## Activity:
The copy should hold exactly the lines below from the one that contains "Hakevauintinen vetouisteluvaappu kuhalle" through the one that contains "8月28日(水)。4・5・6" and nothing else, so no pictures.

## Entries shown:
Segment Open
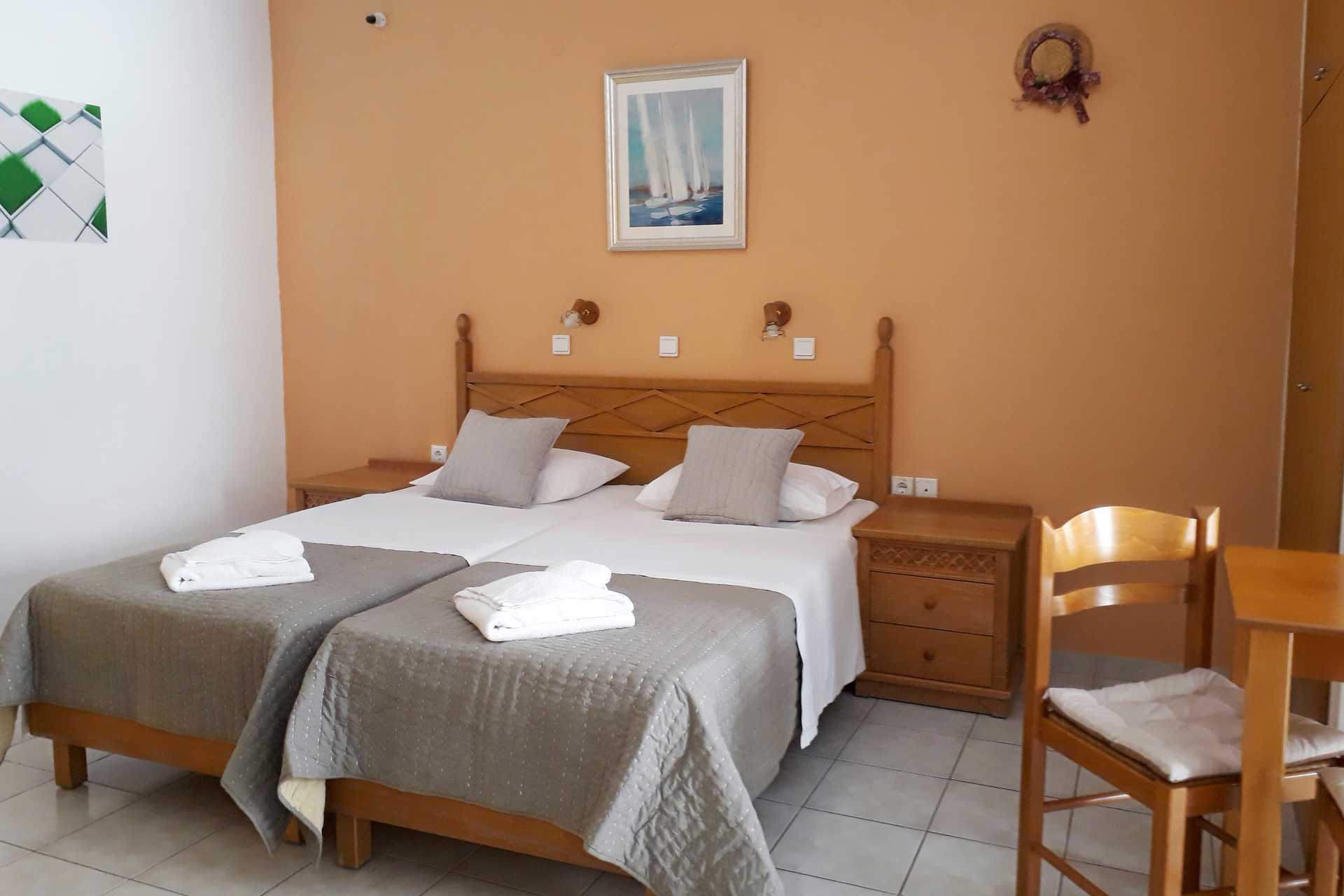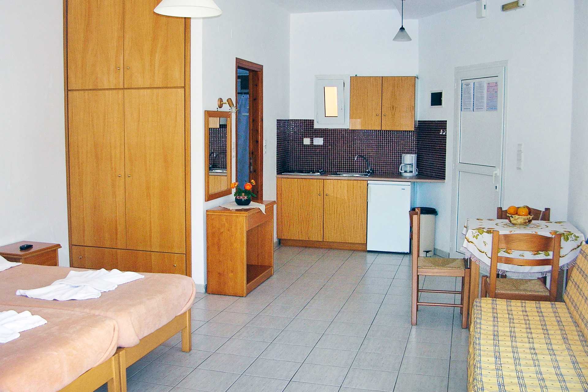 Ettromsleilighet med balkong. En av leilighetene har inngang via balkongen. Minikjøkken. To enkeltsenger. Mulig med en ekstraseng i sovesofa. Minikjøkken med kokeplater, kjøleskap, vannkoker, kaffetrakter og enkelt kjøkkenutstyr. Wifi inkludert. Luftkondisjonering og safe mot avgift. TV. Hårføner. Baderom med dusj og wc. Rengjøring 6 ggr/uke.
Segment Closed
Segment Open
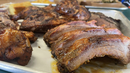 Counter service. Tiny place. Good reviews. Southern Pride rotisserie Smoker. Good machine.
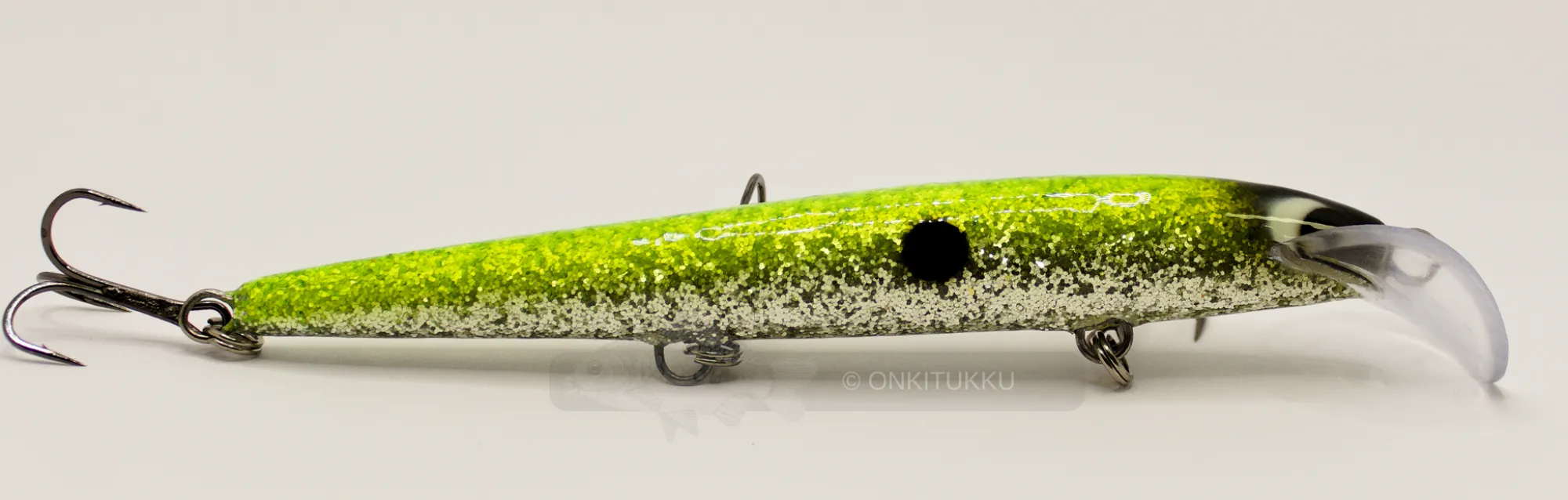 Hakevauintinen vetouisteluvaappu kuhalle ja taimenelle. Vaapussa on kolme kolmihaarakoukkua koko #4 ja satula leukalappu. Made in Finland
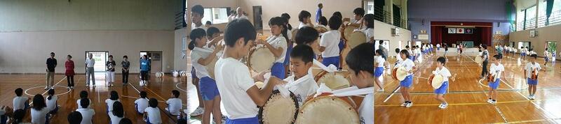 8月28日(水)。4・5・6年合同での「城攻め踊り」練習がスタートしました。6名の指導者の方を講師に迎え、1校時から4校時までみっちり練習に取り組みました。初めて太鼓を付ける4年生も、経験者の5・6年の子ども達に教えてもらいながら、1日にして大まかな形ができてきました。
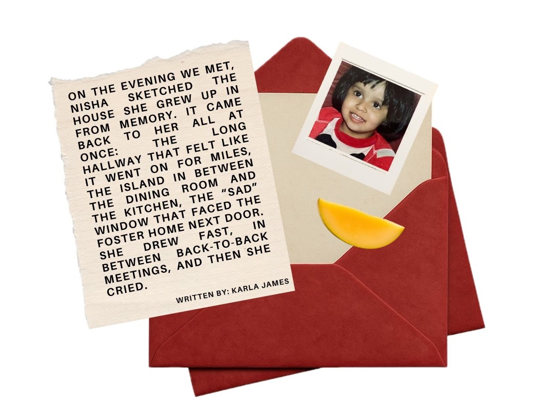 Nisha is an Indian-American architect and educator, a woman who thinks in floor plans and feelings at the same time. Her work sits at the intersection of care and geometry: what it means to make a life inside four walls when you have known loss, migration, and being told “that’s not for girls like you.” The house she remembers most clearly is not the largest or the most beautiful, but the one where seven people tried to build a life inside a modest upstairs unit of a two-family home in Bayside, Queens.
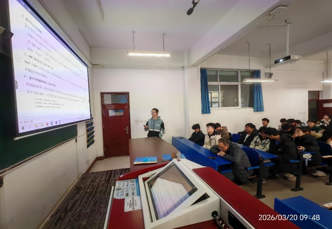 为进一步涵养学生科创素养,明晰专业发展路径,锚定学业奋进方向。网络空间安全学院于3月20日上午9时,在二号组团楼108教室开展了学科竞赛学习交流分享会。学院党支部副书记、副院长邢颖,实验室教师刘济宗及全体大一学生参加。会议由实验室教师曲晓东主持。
Segment Closed
## Finished exercise:
 Hakevauintinen vetouisteluvaappu kuhalle ja taimenelle. Vaapussa on kolme kolmihaarakoukkua koko #4 ja satula leukalappu. Made in Finland
 8月28日(水)。4・5・6年合同での「城攻め踊り」練習がスタートしました。6名の指導者の方を講師に迎え、1校時から4校時までみっちり練習に取り組みました。初めて太鼓を付ける4年生も、経験者の5・6年の子ども達に教えてもらいながら、1日にして大まかな形ができてきました。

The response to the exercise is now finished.